▸ PROBLEM DESCRIPTION: Any picture in the material should be left out, while all other lines are copied exactly.

▸ DATA SHOWN:
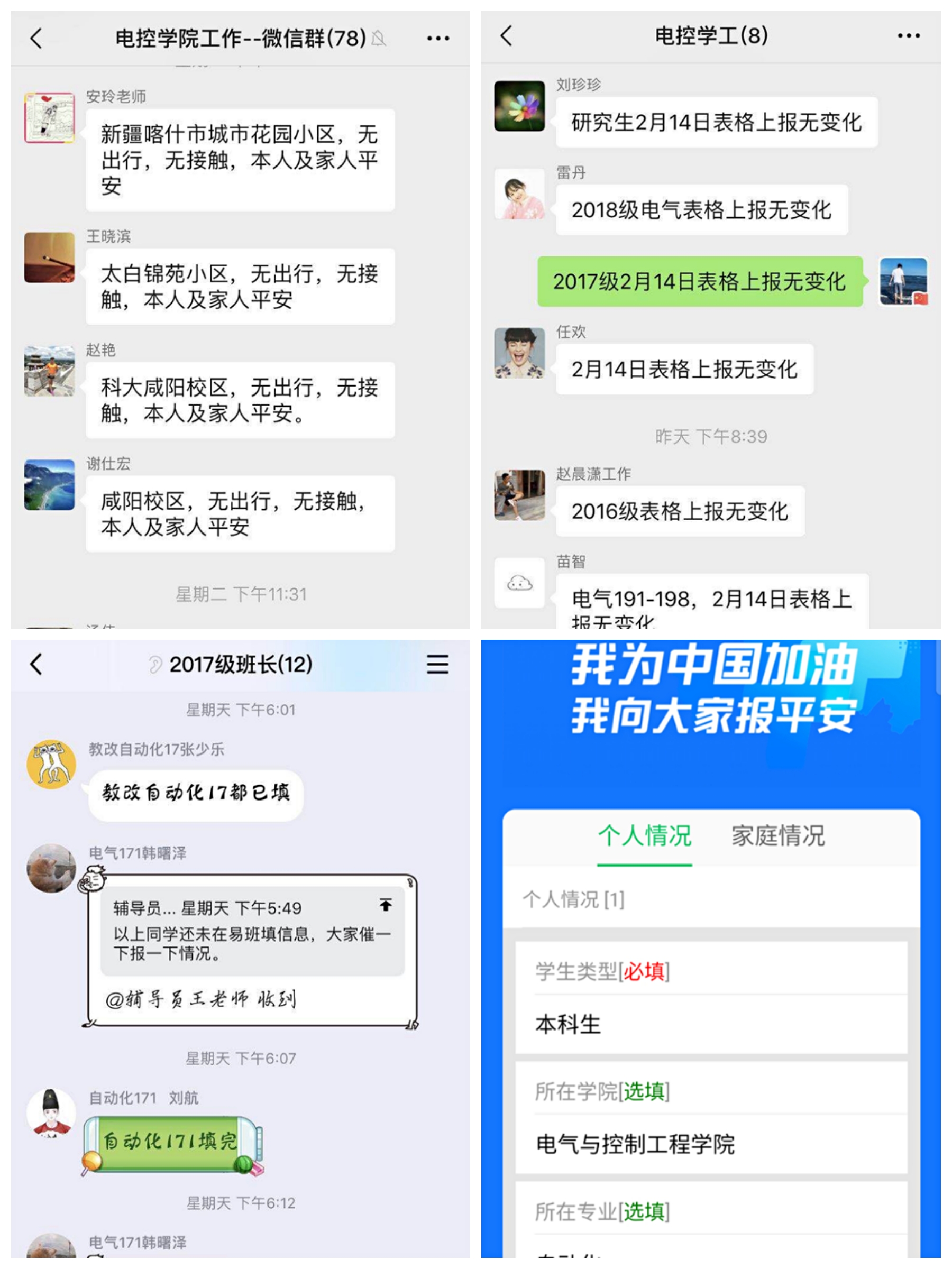 学院党委积极防控部署,全面了解掌握全院师生寒假期间的外出情况、现居住地、本人及家属的身体状况。建立疫情信息台账,全院教工均能做到每日在规定时间内通过学院微信、QQ群等途径报告本人及同住亲属状况,学院疫情防控工作联络员每天按时通报疫情防控和外地返校教职工动态。全体学生在学校易班信息上报开通前即开始每日报送个人信息动态,后期进一步通过易班加强学生信息核对,各年级辅导员及学生干部逐层把关,实行实时数据更新汇报,实现线上线下多渠道联防,按时做好疫情报告工作。
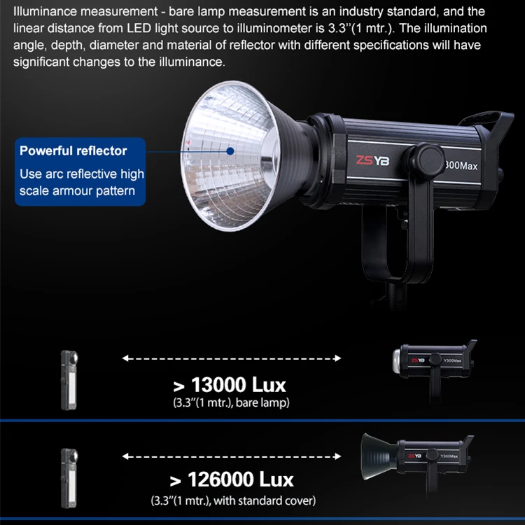 Klicken Sie Hier Für Mehr Rabatte!!! ProduktdetailsModellY300MAXEingangsspannungAC 200V-220VAusgangsleistung300WFarbwiedergabeindex97Korrelierte Farbtemperatur2700K-6500KLED Anzahl1PCSLichtstärke30000lm1 Meter Beleuchtungsstärke126000lux(Mit Refektor)/130...
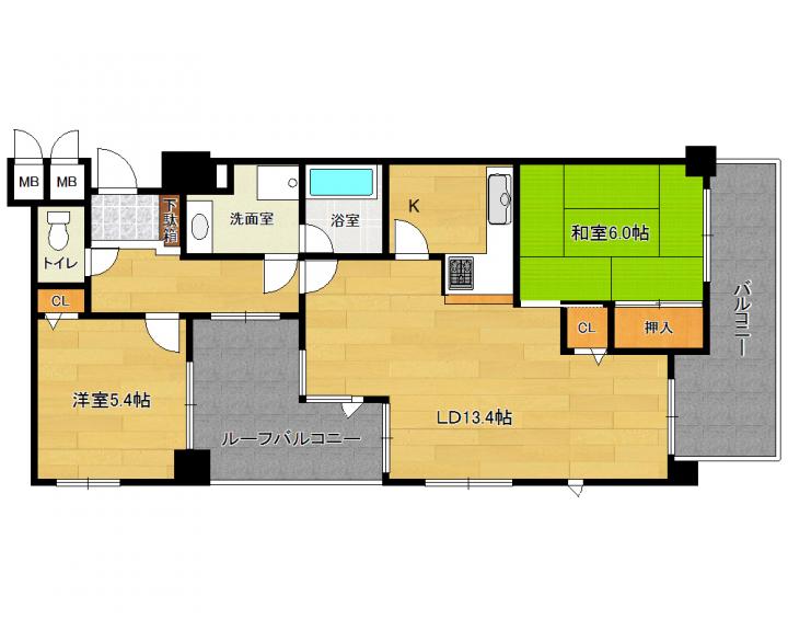 | 間取り詳細 | 和6.0帖 洋5.4帖 LDK13.4帖 |

▸ EXERCISE RESPONSE:
 学院党委积极防控部署,全面了解掌握全院师生寒假期间的外出情况、现居住地、本人及家属的身体状况。建立疫情信息台账,全院教工均能做到每日在规定时间内通过学院微信、QQ群等途径报告本人及同住亲属状况,学院疫情防控工作联络员每天按时通报疫情防控和外地返校教职工动态。全体学生在学校易班信息上报开通前即开始每日报送个人信息动态,后期进一步通过易班加强学生信息核对,各年级辅导员及学生干部逐层把关,实行实时数据更新汇报,实现线上线下多渠道联防,按时做好疫情报告工作。
 Klicken Sie Hier Für Mehr Rabatte!!! ProduktdetailsModellY300MAXEingangsspannungAC 200V-220VAusgangsleistung300WFarbwiedergabeindex97Korrelierte Farbtemperatur2700K-6500KLED Anzahl1PCSLichtstärke30000lm1 Meter Beleuchtungsstärke126000lux(Mit Refektor)/130...
 | 間取り詳細 | 和6.0帖 洋5.4帖 LDK13.4帖 |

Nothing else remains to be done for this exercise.